Resources to prepare youth for the 21st century workforce

What are the skills employers are looking for and how can I gain them?

What are employers looking for in potential job candidates? Knowing the answer to this very important question can help a young person just starting out prepare for the workforce. Education, GPA, experience and skills can all play a factor in an employer’s decision to interview a potential candidate. However when it comes to hiring, it is often the individual who has sharpened their soft skills that is offered the job.

So what are soft skills? Soft skills are personal characteristics needed to become an effective employee such as teamwork, communication, problem solving, decision making, positive attitude, planning, organizing and prioritizing work. In the 2014 National Association of Colleges and Employers (NACE) survey, these“soft skills were mentioned as the top characteristics looked for in a new hire by 206 employers responding. The number one soft skill rated as important to employers was the ability to work in a team structure.

How can young people sharpen their soft workforce-related skills such as teamwork? Joining a team sport, organizing a school fundraiser, participating in a 4-H club, holding a leadership position or engaging in a service learning project are just a few examples where youth can practice and enhance their soft skills. Youth can also participate in a new interactive workshop called, Preparing Youth for the 21st Century Workforce offered by Michigan State University Extension. Here youth will learn how the workforce has changed, what it means to be an effective team member, how to solve real life workplace scenarios, and tips to strengthen their communication and interpersonal skills.

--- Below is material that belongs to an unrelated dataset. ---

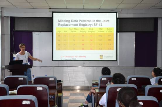 , 分别作了题目分别为“Can Auxiliary Variables Improve Multiple Imputation Models”和“Administrative Health Data and Electronic Medical Records: Data Linkage for Chronic Disease Research and Surveillance”的学术报告。报告在肉视频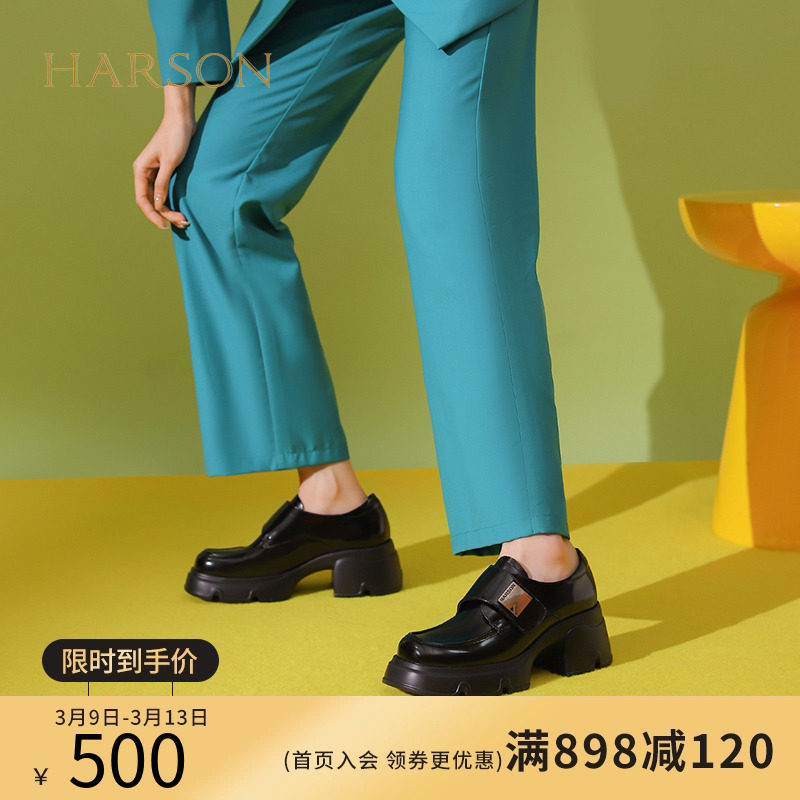 哈森深口单鞋女2024春季新款潮流免系带魔术贴厚底乐福鞋HS242519

Youth service professionals, teachers, business leaders and adult volunteers can also help by providing opportunities and involving youth in career and workforce readiness skill activities. “Skills to Pay the Bills: Mastering Soft Skills for Workplace Success," is a free curriculum published by the U.S. Department of Labor’s Office of Disability Employment Policy (ODEP) provides 30 hands-on interactive activities for youth 14- to 21-years-old, including those with disabilities. Six modules are covered focusing on the soft skills needed for workplace success.

Another career development resource for adults to use with youth is, “Build Your Future: Choices… Connections … Careers,” a National 4-H Curriculum written by MSU Extension. Using the experiential learning model, youth explore their interests, values and possible career pathways, make connections with prospective employers, research careers and post-secondary education, prepare for the job search, and set realistic goals.

Henry Ford once said, “coming together is a beginning, keeping together is progress, working together is success.” Preparing the 21st century workforce requires government, business, education, and the emerging workforce to work closely together so all partners can succeed.